MANÍACO POR MANIAS
Jorge Costa Filho
 
 

Lupércio é um sujeito maníaco por manias. Exatamente: O cara tem mania de colecionar manias. Elas vão das mais simples e corriqueiras (como coçar a palma da mão quando está na iminência de receber algum trocado ou xingar toda a ascendência do árbitro que marca um pênalti duvidoso contra seu clube de coração) até as mais inusitadas e despropositais. Por exemplo: O Lupércio quando viaja de ônibus, só toma acento na fileira de poltronas da esquerda, ou seja, o lado do motorista, porque segundo ele, é o que o piloto tenta resguardar em caso de acidente. E só serve lugar no canto da janela, porque quem fica na lateral do corredor é assaltado primeiro, enquanto quem está sentado à janela tem mais chance de sobrevivência, se acaso um sinistro consumir o veículo. E não há argumento que o convença a sentar-se caso não haja lugares disponíveis na ala esquerda próximo à janela.

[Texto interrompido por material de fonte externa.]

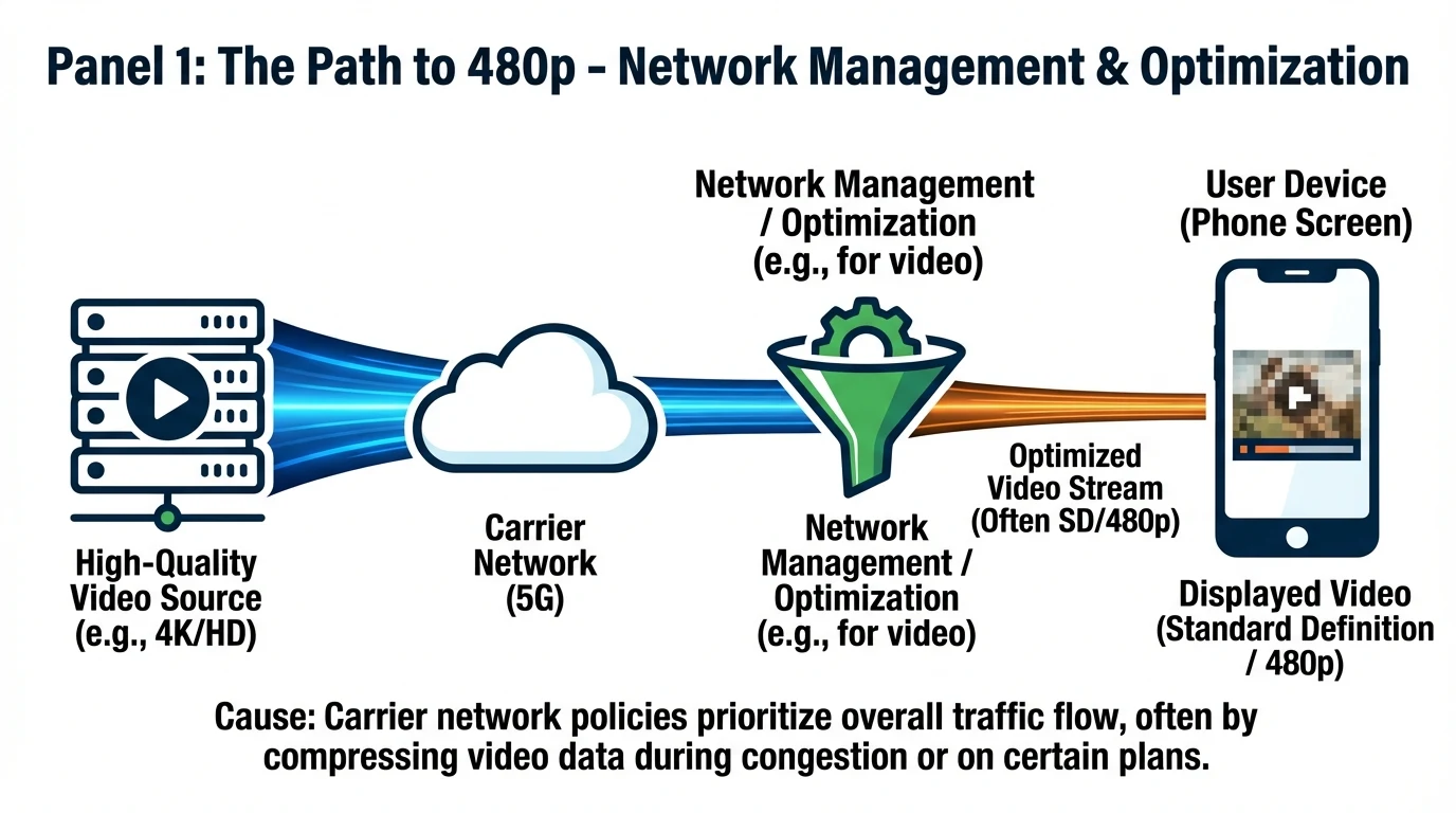 Mint Mobile's video streaming often appears as 480p due to network prioritization and video optimization policies. Users can use VPNs to bypass these limitations but cannot change carrier-imposed throttling.

Ele perfaz todo o itinerário de pé, ainda que bancos e mais bancos estejam desocupados do lado direito.

Cavucar o nariz com o dedo mindinho é outra mania peculiar do nosso amigo. É pra promover um "pente fino" no salão, disse ele, quando sua mulher o repreendeu à mesa do jantar.

Mas, o Lupércio também possui a mania de renovar, de quando em quando, seu inesgotável repertório de manias. Uma das mais recentes é a de conversar com o espelho. São intermináveis monólogos ou então, diálogos inimagináveis com personagens os mais variados, mitos da antiguidade, vultos da história moderna, artistas contemporâneos ou até mesmo, anônimos incautos do reles cotidiano. Outro dia, ele estava trancado no banheiro há mais de hora, quando seu filho bateu à porta:

- Pai, com quem o senhor está falando?

- Com ninguém, ora essa!

- O senhor vai demorar muito?

- Já estou saindo!

Passados alguns minutos, estranhando o repentino silêncio por parte do garoto, resolveu quebrar o gelo:

- Filho, papai já está saindo, valeu?

- Não precisa mais, pai. Eu já fiz nas calças.

Recentemente, Lupércio adquiriu o hábito de andar nu dentro de casa e ainda aconselhou toda família a fazer o mesmo. Mas, essa mania foi logo abolida, em protesto contra os assovios dos marmanjos da vizinhança, quando a patroa resolveu aderir ao naturismo aconselhado por ele e foi realçar o bronzeado, tomando banho de sol na varanda, vestida como nasceu.

Mas, no fundo, o Lupércio é um cara legal, apesar de suas manias que, afinal de contas, são inocentes, inofensivas e inodoras, salvo algumas de ordem escatológica, como aquela de pôr a mão em forma de concha sobre a divisória do "sentador", no instante de soltar um (sonoro ou não) pum, e logo em seguida, levar a mesma mão à frente do nariz, para aspirar o aroma dos produtos gasosos do próprio interior.

A Ediléia não se incomoda com o maníaco que tem dentro de casa, aliás, ela já adquiriu a mania de não esquentar a cabeça com nada. Só há uma "mania" do Lupércio que irrita, e muito, a nossa brava escudeira do lar: É a mania que ele tem de afirmar que não tem manias.